One of the major and most interesting themes of urban computing is transportation. Urban computing is mostly used by municipalities in efforts to improve public and private transportation systems in urban areas. The primary sources of data that are used in the transportation field of urban computing are floating car data which refers to sets of data about where cars are located at any given moment. These pieces of data are obtained from individual GPS’s, taxi GPS’s, WIFI signals, loop signals and user input derived from various applications. Urban computing has a wide range of benefits to the transportation sector in the sense that, it helps drivers to choose better driving routes, an aspect that is of paramount importance especially for software application platforms such as Google Maps, trip planning and Waze. Uber which is an on demand taxi-like service where users can request for rides on their smartphones is a good example of the benefits of urban computing on transportation. Basically, by using data derived from active riders and drivers, Uber can implement price discrimination mechanisms based on real-time rider versus driver ratios (Zheng, 2011). This enables the company to make more money than they normally would without price discrimination, moreover, it allows them to regulate the flow of drivers on the street based on low and high working periods. Urban computing can also be applied in efforts to reduce the cost of urban transport. For instance, in London, the cycle hire system somehow increased weekday commutes and heavily increased bike usage in the weekend hence decreasing traffic congestion within the city. Despite the numerous benefits of urban computing, the fact that it is a product of big data mining brings along a substantial level of ethical issues that need to be addressed.

The fact that urban computing relies on information collected from various people and entities raises a number of concerns revolving around privacy and other ethical issues. So what are these so-called ethics? Generally speaking, a person’s ethical actions can be said to be, actions which are performed within the context of what any demographic society considers right or good. The main area of concern when it comes to data science frameworks like urban computing is the protection of personal data. The concept of protection of personal data which is also known as privacy relates to the possibility of the accessibility and the manipulation of personal information. Urban computing creates the possibility of access of information by a wider network of individuals since by implication, once data is collected and stored in one specific platform; it becomes easier for random individuals to gain access to a person’s private information (Cranshaw, 2012). During the process of handling of private information urban computing professionals are confronted with a number of ethical issues namely:

The issue of specific importance in situations where an urban computing professional comes across personal data that can have direct influence on a person’s life.
The issue of whether or not an urban computing professional may use any of the four categories of private data sets for any other reason rather than for use in formulation of proper transport systems. This also raises a question on whether or not individuals should be notified about the manner in which sets data obtained from them are to be used.
The issue of making decisions on which categories personal data the urban computing professional is entitled to gather.
The issue of confidential treatment of the data obtained from various individuals.
The issue of the right of an individual pertaining the terms of use of the collected data and the distribution of personal data. This ethical issue boils down to the issue of consent of the individual from whom the data was obtained from in terms of the use of personal data.

Summary of clustering analysis using K-means and DBSCAN

Apart from privacy urban computing also raises another major ethical issue in the context that it fosters the concept of automated decision making. The capability to make decisions between alternate possibilities has, for a long time, been considered as the main aspect that separates human beings from machines. Urban computing crosses this threshold therefore introducing numerous ethical considerations that include:

Whether or not the economic and social organizations within an urban area accept and rely on the very complex methodologies of urban computing that most of them probably do not understand.
Whether or not the populace are willing to accept the applications of urban computing which are naturally generated from their past experience hence making the same populace prisoners of their own past and restraining their potential for growth and diversity.
The essential logic of urban computing can be gamed hence creating a loop hole for urban computing practitioners to cheat the system.

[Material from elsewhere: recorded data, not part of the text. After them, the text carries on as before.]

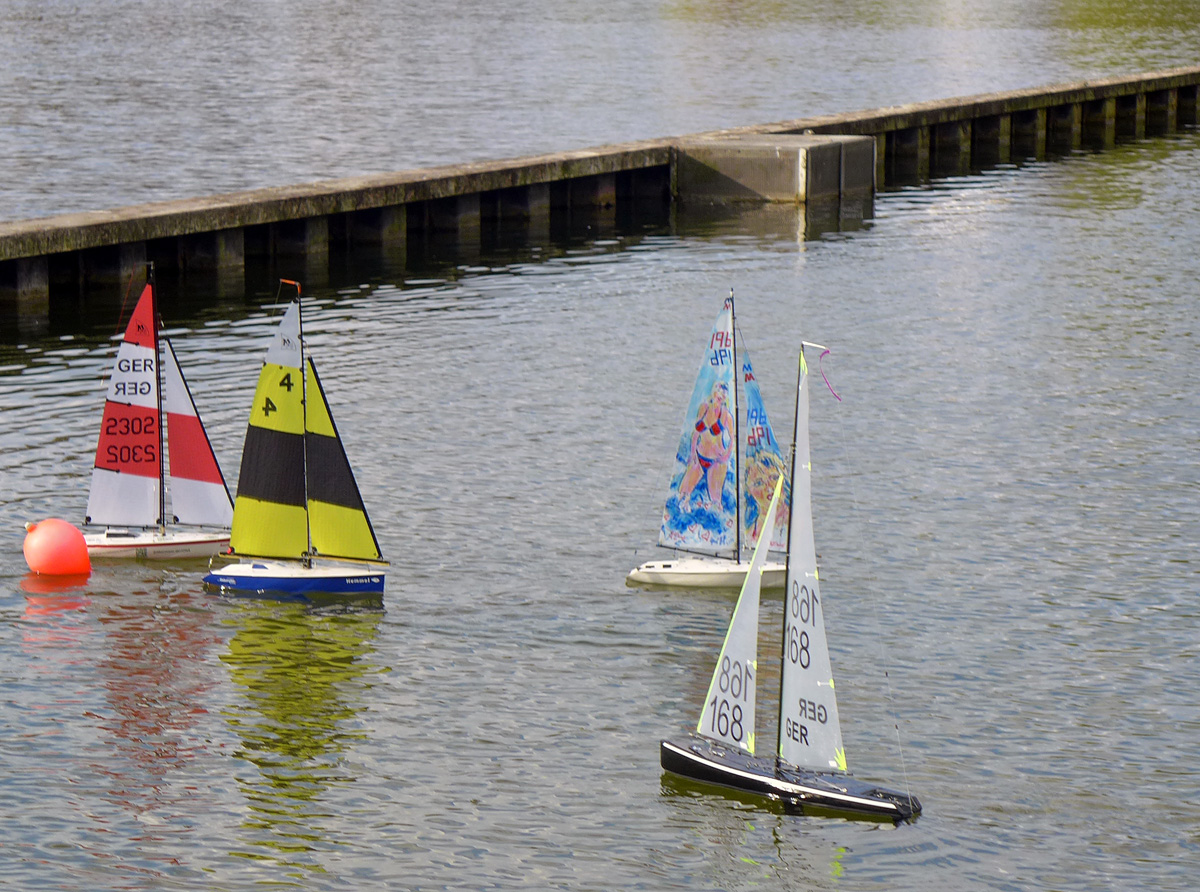 Lockeres Modellsegeln bei nur 8 Grad in der Hamburger Abendsonne
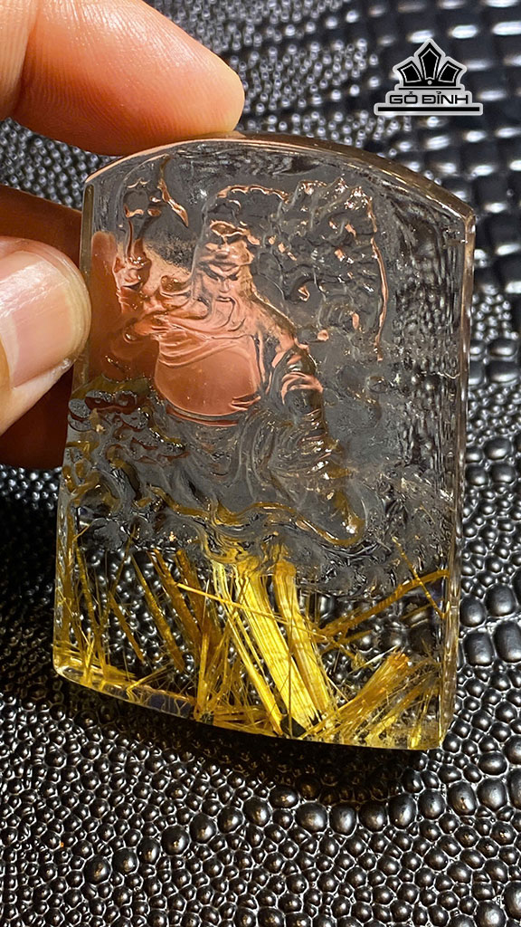 Mặt Dây Chuyền Quan Công Đá Thạch Anh Tóc Vàng Cao 66,8 Ngang 45,5 Sâu 11,8 (mm) 69,5g
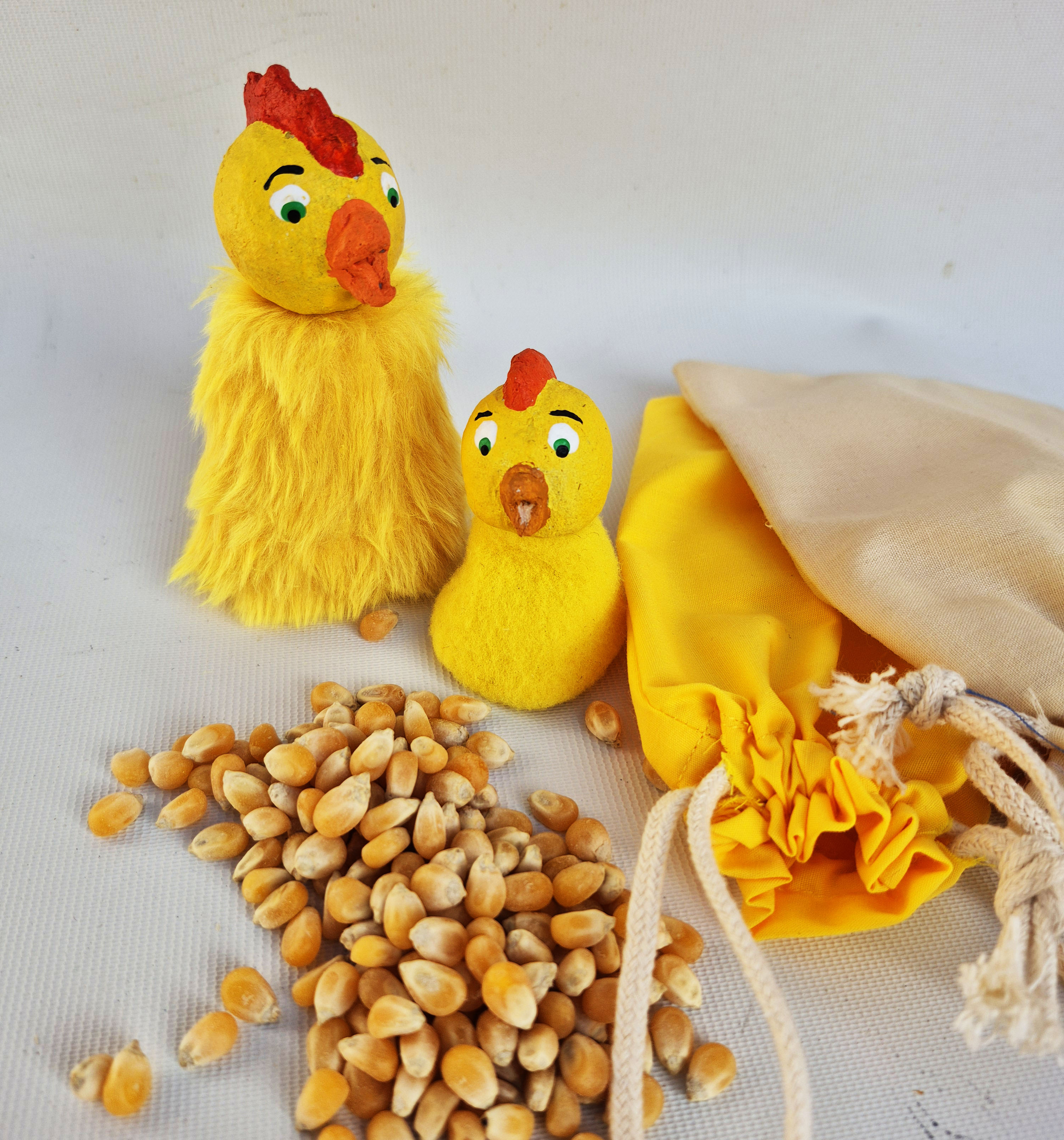 Este conjunto está inspirado en el cuento, pero los títeres no son réplicas literales. Mantienen su propia personalidad y se pueden adaptar a otras historias y juegos más allá del libro. El saquito de maíz permite recrear el crecimiento de Pepe y hacer que la historia salga del libro, añadiendo una capa de juego interactivo e imaginativo.
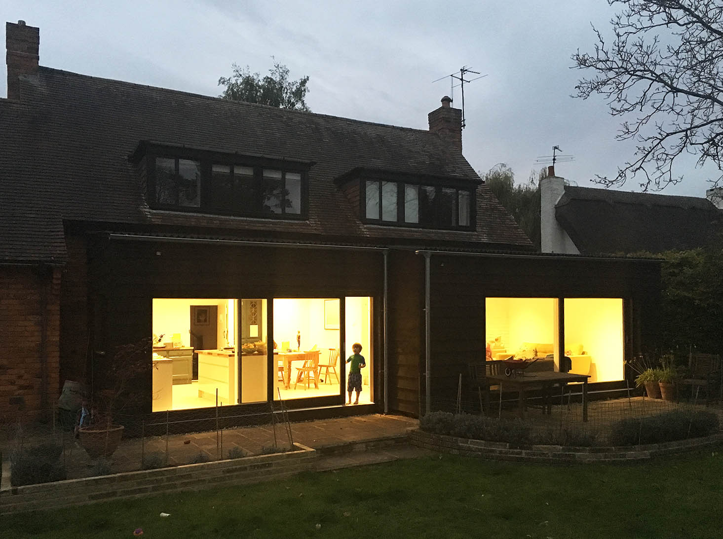 This house had been built by a developer in the 1980s to look like a historic cottage. Our client was keen to extend the building in a sympathetic but contemporary way. Black timber and agricultural fibre cement roofing were used with large areas of glazing.
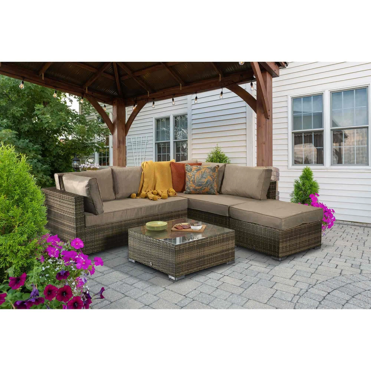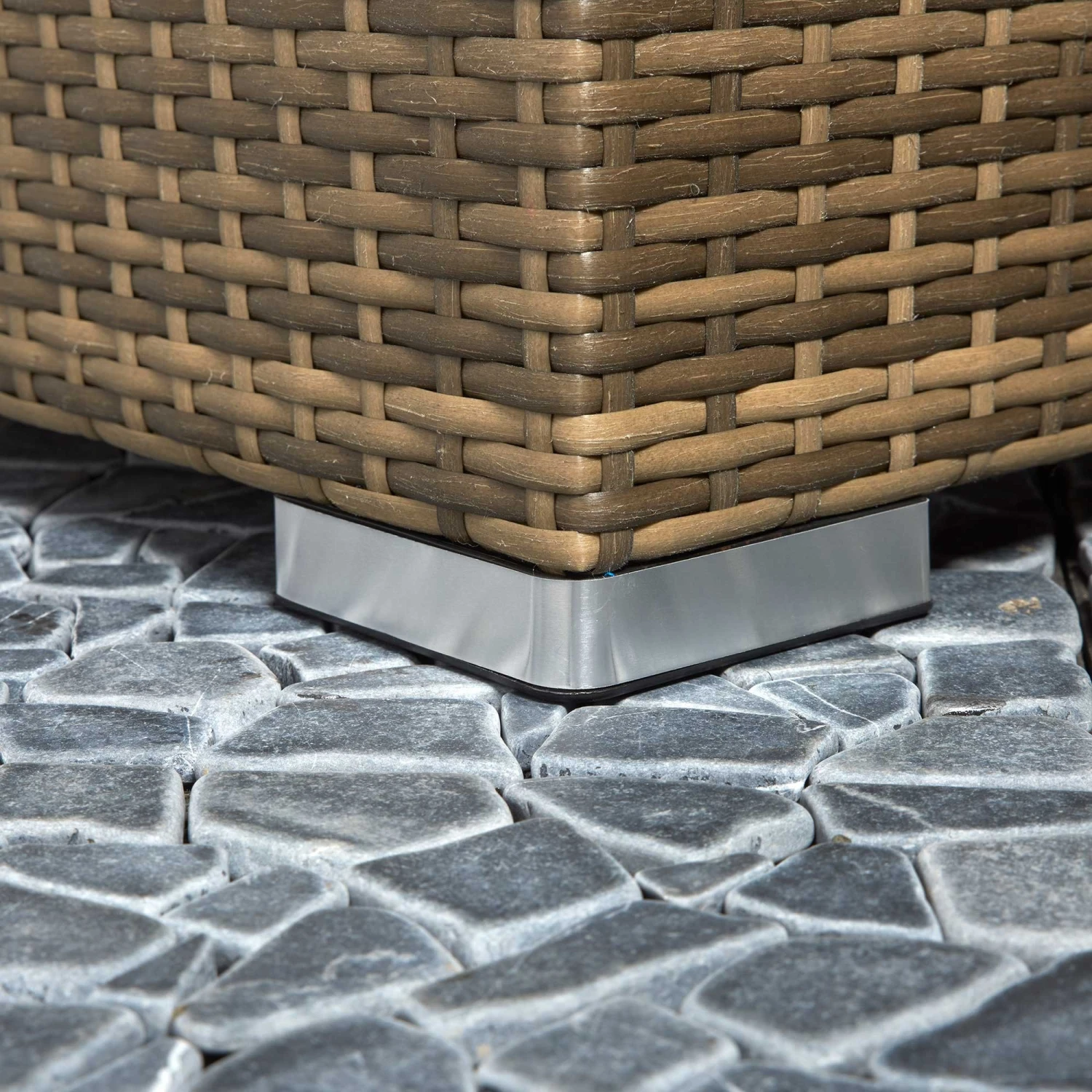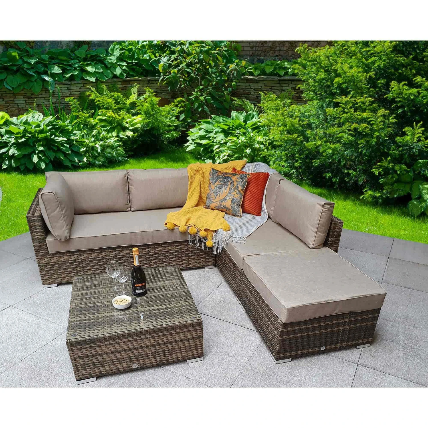 The Savannah Natural Brown Rattan Corner Sofa is perfect for lounging around on in the sun with more than enough room for friends and family to join. This can be used for casual get togethers or even sizable garden parties and celebrations. Also includes a glass coffee table to lay food and drinks on. Cushions should be kept in a dry area when not in use and the glass table should be covered in extreme heat.
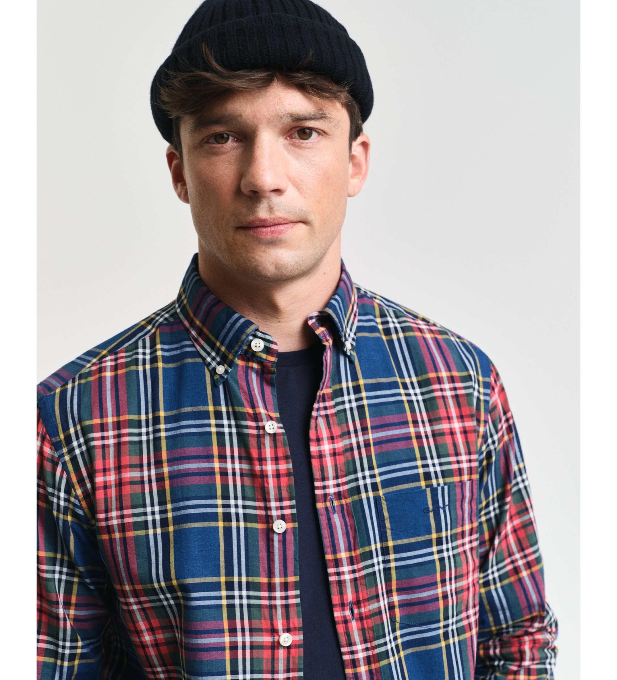 Esta camisa, confeccionada con un tejido añil ligero, está diseñada con un corte normal para llevar por fuera del pantalón y un estampado de cuadros en hilo teñido añil. Cuenta con cuello abotonado clásico, puños ajustables, bajo curvado, fuelle con presilla en la espalda y el logotipo GANT bordado en el bolsillo del pecho. Al elegir los productos de algodón, apoyas la inversión de GANT en la iniciativa Better Cotton. Este producto se ha obtenido mediante un sistema de balance de masa y, por lo tanto, podría no contener Better Cotton. Infórmate en bettercotton.org/massbalance.

The application of micro-targeting in urban computing also raises another ethical concern. It is indeed true that micro-targeting techniques are very robust tools of influence in urban planning especially in the field of economics. Despite the fact that the ability of people to exercise free will has long been a subject of debate, the practice of imposing a particular set of guidelines on urban dwellers worsens the situation because it is more morally questionable. Furthermore, micro targeting techniques allow urban computing practitioners to deduce sensitive information and personal preferences even when such data is not necessarily captured. To conclude, since urban dwellers become “the product”, there is a significant risk that urban computing firms will use their data and influence less to improve the standards in urban areas than to turn urban societies into products of urban computing manipulation.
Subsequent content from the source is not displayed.